[Entries provided Boundary: Start]

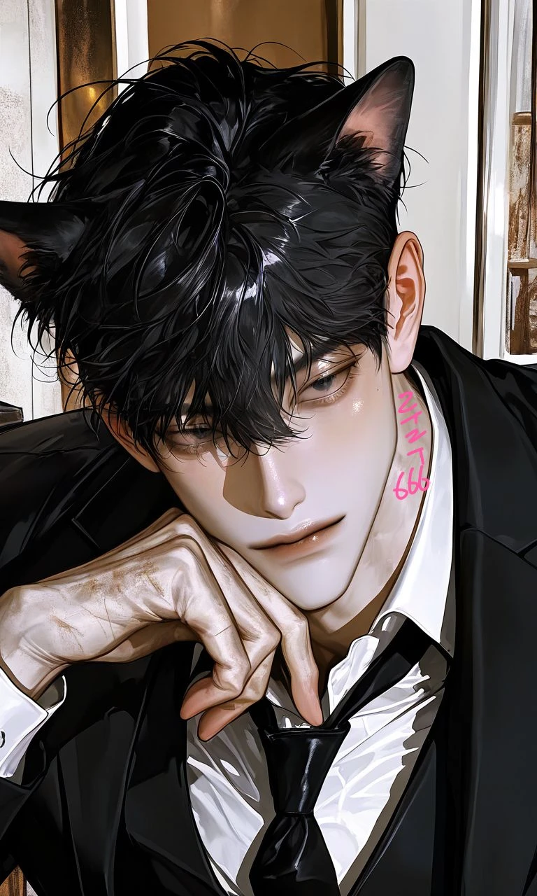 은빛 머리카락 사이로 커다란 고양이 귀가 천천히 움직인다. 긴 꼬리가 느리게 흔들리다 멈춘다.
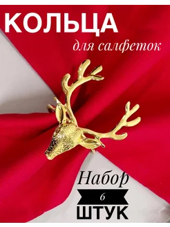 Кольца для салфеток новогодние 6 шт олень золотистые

[Entries provided Boundary: End]
[Entries provided Boundary: Start]

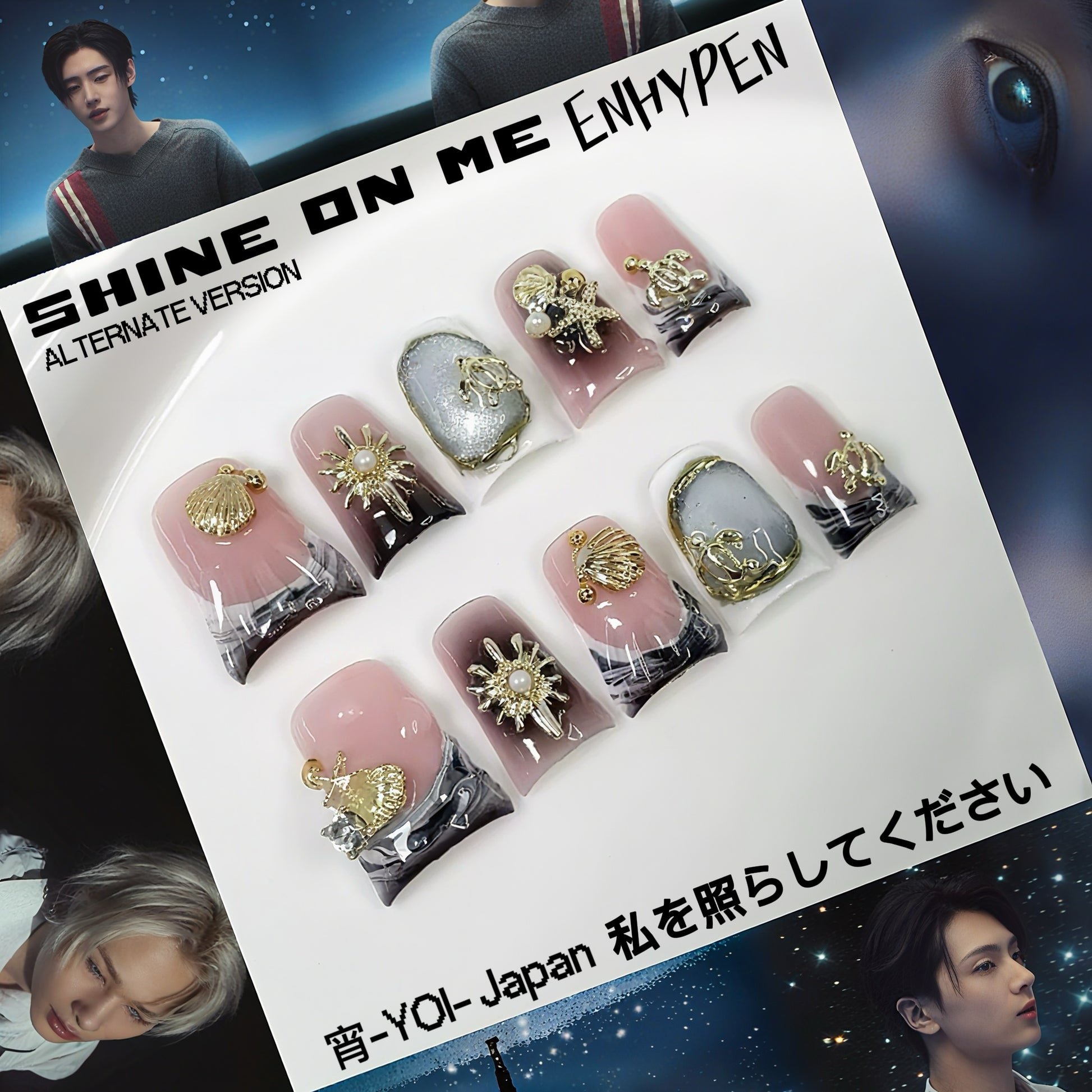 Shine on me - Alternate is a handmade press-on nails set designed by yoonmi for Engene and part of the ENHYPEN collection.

[Entries provided Boundary: End]
[Entries provided Boundary: Start]

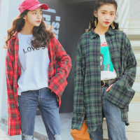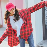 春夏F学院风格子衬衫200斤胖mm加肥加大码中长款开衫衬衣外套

[Entries provided Boundary: End]

Work task -
Your answer should be the exact lines above from the one containing "은빛 머리카락 사이로" through the one containing "Кольца для салфеток", with both end lines kept and the pictures removed, please.

Problem solution -
 은빛 머리카락 사이로 커다란 고양이 귀가 천천히 움직인다. 긴 꼬리가 느리게 흔들리다 멈춘다.
 Кольца для салфеток новогодние 6 шт олень золотистые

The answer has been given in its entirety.